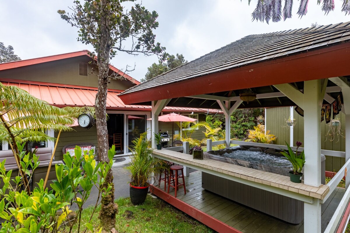 YOUR PRIVATE COTTAGE AMONG THE TREE FERNS Step into a romantic rainforest sanctuary just minutes from Hawaiʻi Volcanoes National Park. Nestled among native ʻōhiʻa and hapuʻu trees, this spacious 850 sq. ft. one-bedroom cottage is perfect for nature lovers, couples, and solo travelers seeking peace and inspiration.
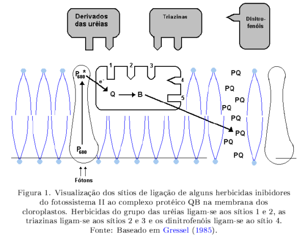 A inibição da fotossíntese acontece pela ligação dos herbicidas deste grupo ao sítio de ligação da QB, na proteína D1 do fotossistema II, o qual se localiza nas membranas dos tilacóides dos cloroplastos, causando, por consequência, o bloqueio do transporte de elétrons de QA para QB.
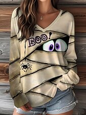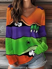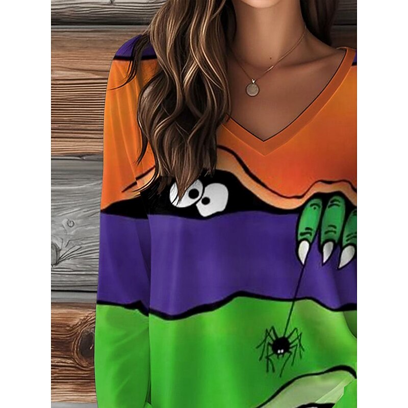 Why Choose Halloween Women's T shirt Monster Graphic Pumpkin Vintage sleek timeless Long Sleeve V Neck Regular Tops Daily Weekend Print Orange Khaki Fall Winter?

Exercise directions
The response should reproduce all the material above exactly and leave out its pictures.

Answer to this exercise
 YOUR PRIVATE COTTAGE AMONG THE TREE FERNS Step into a romantic rainforest sanctuary just minutes from Hawaiʻi Volcanoes National Park. Nestled among native ʻōhiʻa and hapuʻu trees, this spacious 850 sq. ft. one-bedroom cottage is perfect for nature lovers, couples, and solo travelers seeking peace and inspiration.
 A inibição da fotossíntese acontece pela ligação dos herbicidas deste grupo ao sítio de ligação da QB, na proteína D1 do fotossistema II, o qual se localiza nas membranas dos tilacóides dos cloroplastos, causando, por consequência, o bloqueio do transporte de elétrons de QA para QB.
 Why Choose Halloween Women's T shirt Monster Graphic Pumpkin Vintage sleek timeless Long Sleeve V Neck Regular Tops Daily Weekend Print Orange Khaki Fall Winter?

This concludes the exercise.